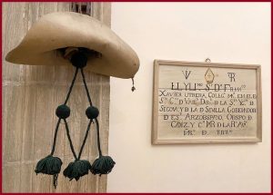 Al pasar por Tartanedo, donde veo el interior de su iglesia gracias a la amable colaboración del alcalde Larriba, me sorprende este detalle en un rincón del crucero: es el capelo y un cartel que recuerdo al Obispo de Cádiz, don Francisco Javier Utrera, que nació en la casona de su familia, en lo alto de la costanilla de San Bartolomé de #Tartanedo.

* * *

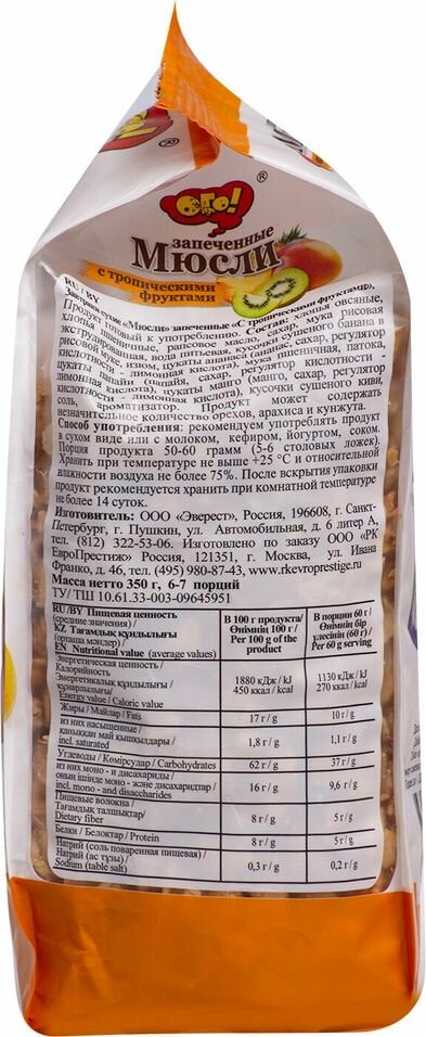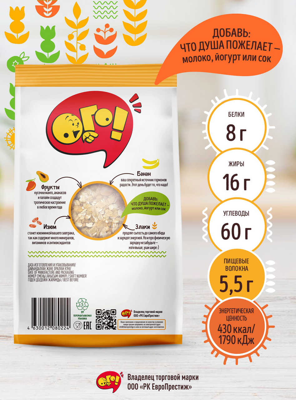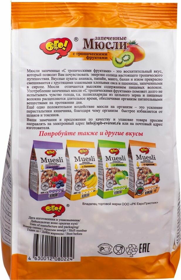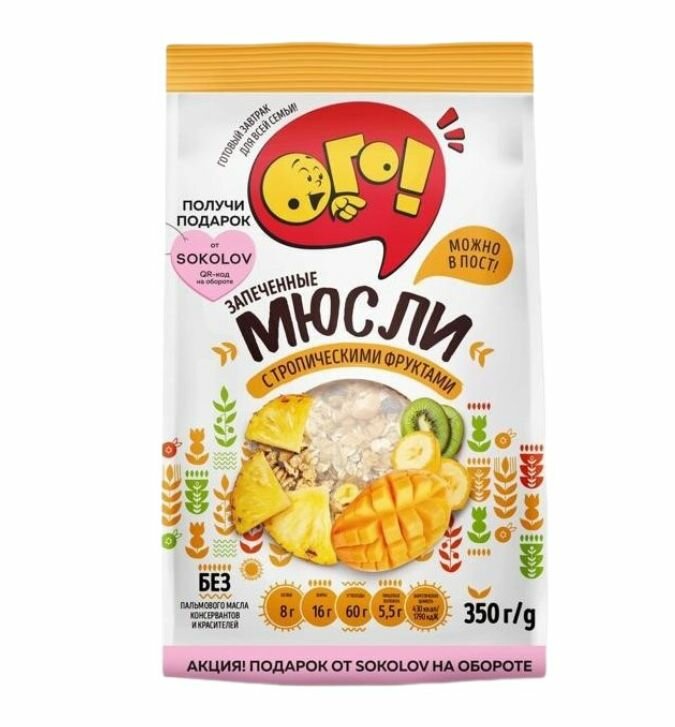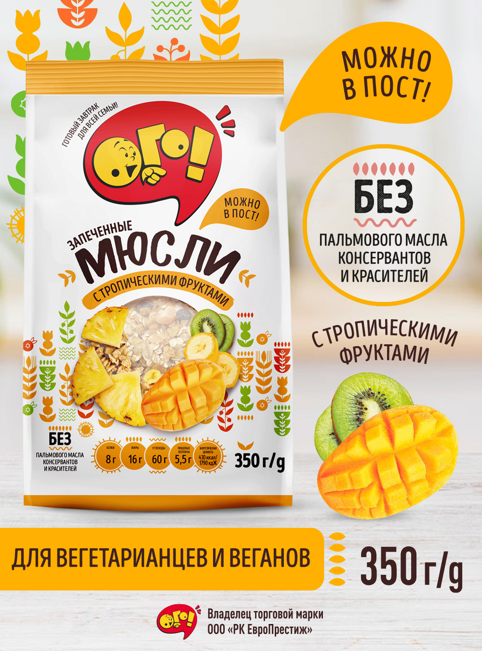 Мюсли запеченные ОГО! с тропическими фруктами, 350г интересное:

--

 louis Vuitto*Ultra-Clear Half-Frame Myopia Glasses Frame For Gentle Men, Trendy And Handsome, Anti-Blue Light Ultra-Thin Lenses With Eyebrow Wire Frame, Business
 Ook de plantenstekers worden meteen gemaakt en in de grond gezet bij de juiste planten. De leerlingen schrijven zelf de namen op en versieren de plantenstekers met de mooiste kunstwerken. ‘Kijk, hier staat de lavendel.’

## Task to complete
The answer is the run of lines above from the line containing "louis Vuitto*Ultra-Clear Half-Frame" through the line containing "Ook de plantenstekers", copied exactly and alone.

## Response below
 louis Vuitto*Ultra-Clear Half-Frame Myopia Glasses Frame For Gentle Men, Trendy And Handsome, Anti-Blue Light Ultra-Thin Lenses With Eyebrow Wire Frame, Business
 Ook de plantenstekers worden meteen gemaakt en in de grond gezet bij de juiste planten. De leerlingen schrijven zelf de namen op en versieren de plantenstekers met de mooiste kunstwerken. ‘Kijk, hier staat de lavendel.’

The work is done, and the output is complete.